WHAT IS NEEDED>
Leave out the pictures and output exactly the lines below from the one with "Como elemento decorativo" down to the one with "- Image of man", both of them included.

LISTED RECORDS>
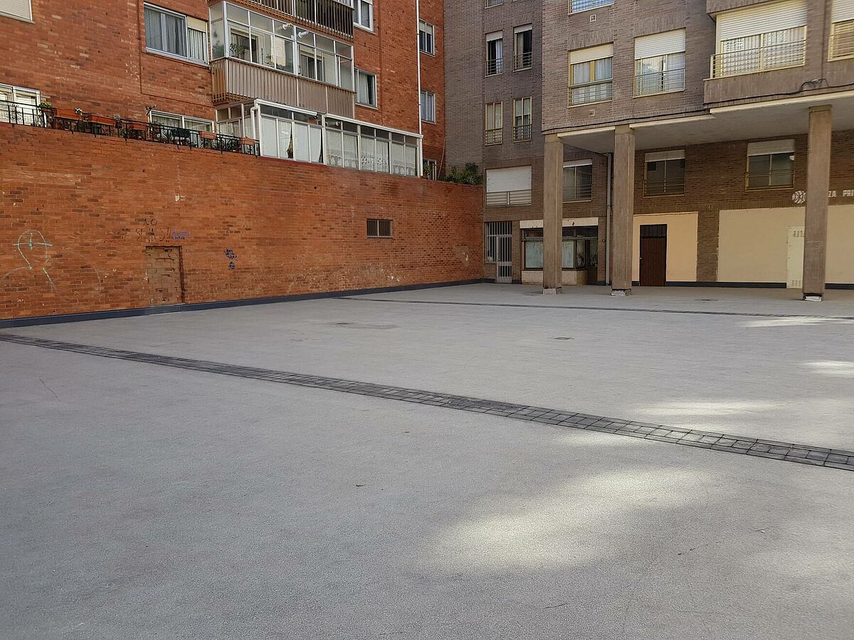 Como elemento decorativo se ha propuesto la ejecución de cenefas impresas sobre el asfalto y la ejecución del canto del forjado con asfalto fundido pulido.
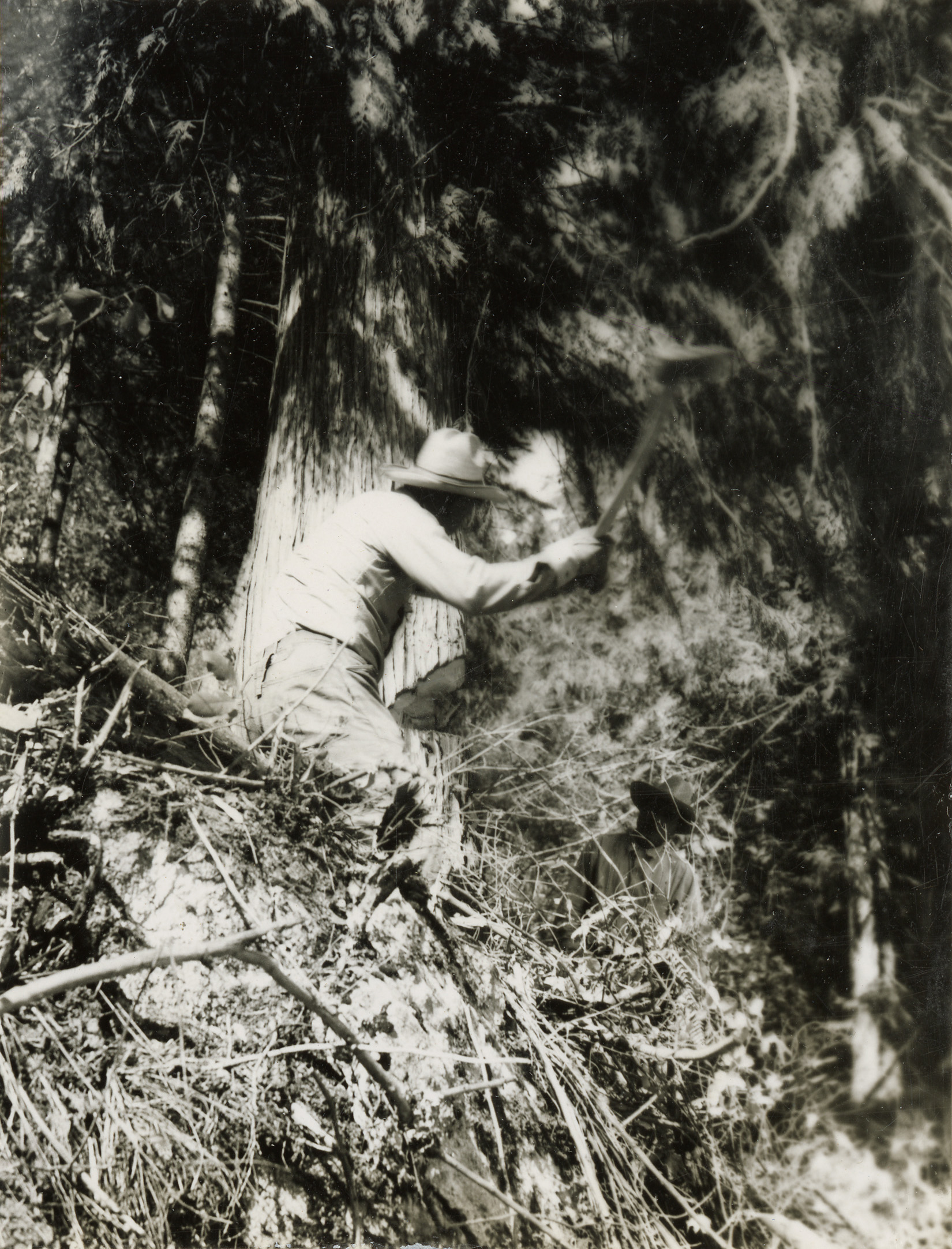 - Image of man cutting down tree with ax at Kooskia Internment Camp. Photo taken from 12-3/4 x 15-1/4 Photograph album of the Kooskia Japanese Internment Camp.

==

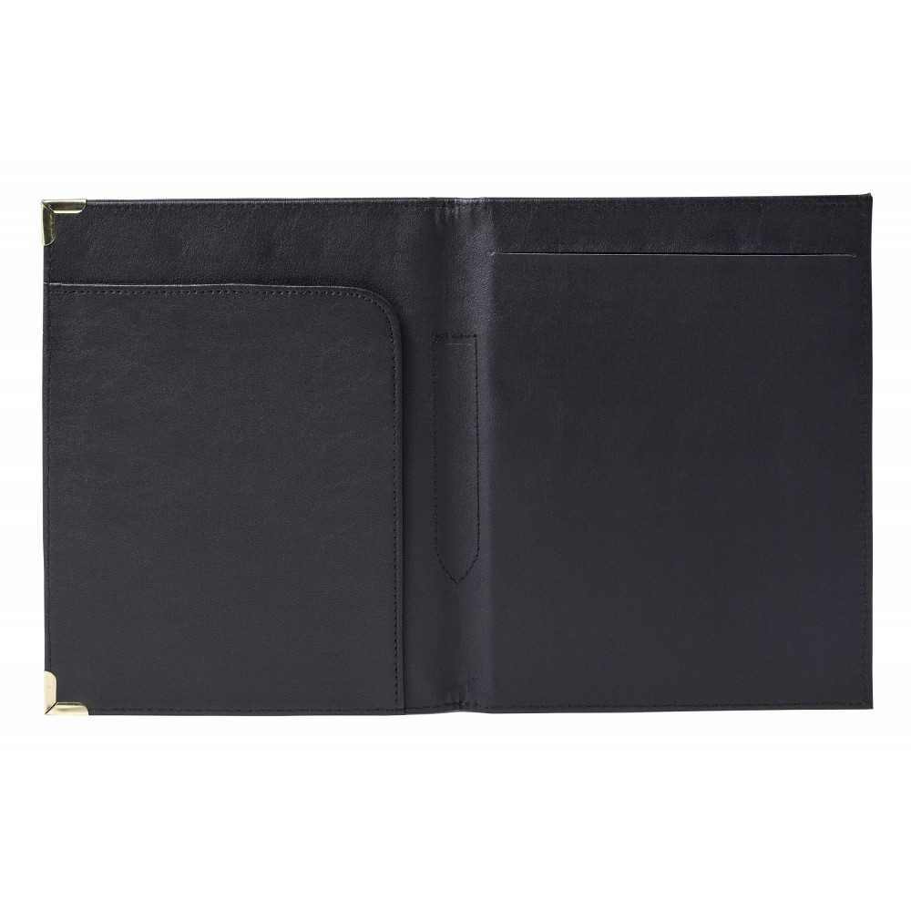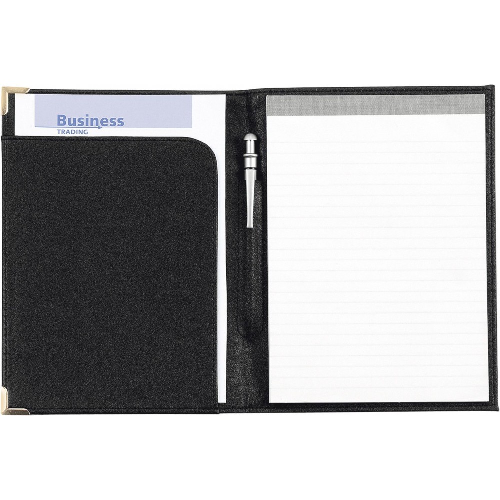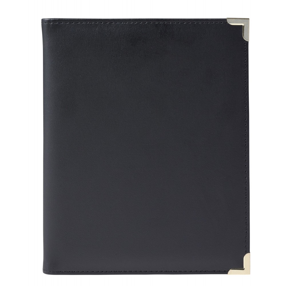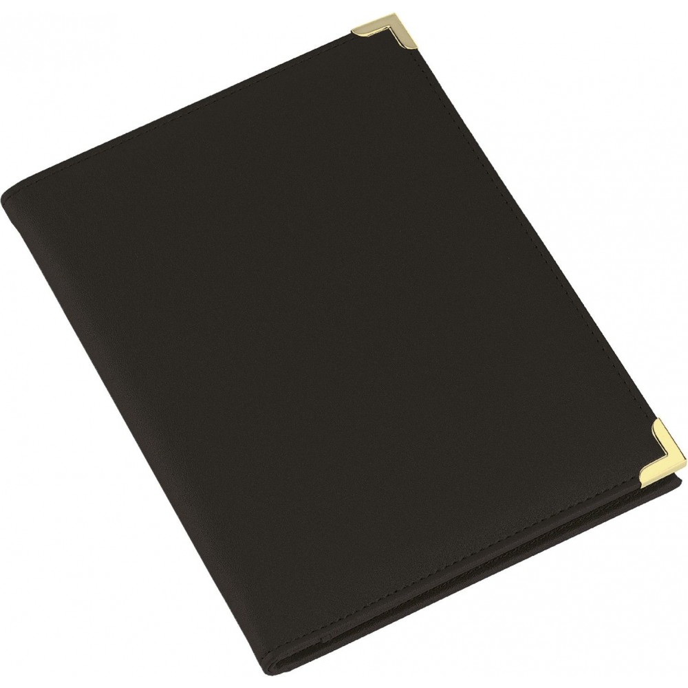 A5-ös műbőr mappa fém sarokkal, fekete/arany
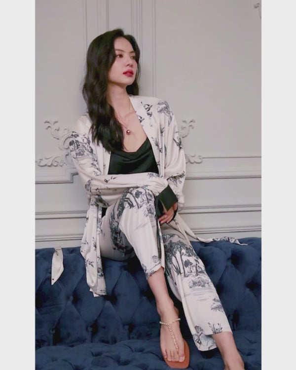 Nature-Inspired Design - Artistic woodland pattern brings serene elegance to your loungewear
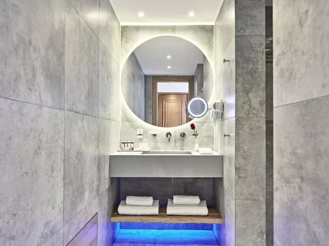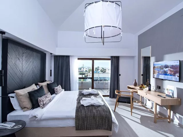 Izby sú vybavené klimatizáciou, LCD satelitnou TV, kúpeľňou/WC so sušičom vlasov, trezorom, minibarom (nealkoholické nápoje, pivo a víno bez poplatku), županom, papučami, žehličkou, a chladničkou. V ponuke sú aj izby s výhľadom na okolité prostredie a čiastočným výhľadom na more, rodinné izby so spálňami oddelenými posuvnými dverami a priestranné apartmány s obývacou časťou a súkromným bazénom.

ANSWER BOX>
 Como elemento decorativo se ha propuesto la ejecución de cenefas impresas sobre el asfalto y la ejecución del canto del forjado con asfalto fundido pulido.
 - Image of man cutting down tree with ax at Kooskia Internment Camp. Photo taken from 12-3/4 x 15-1/4 Photograph album of the Kooskia Japanese Internment Camp.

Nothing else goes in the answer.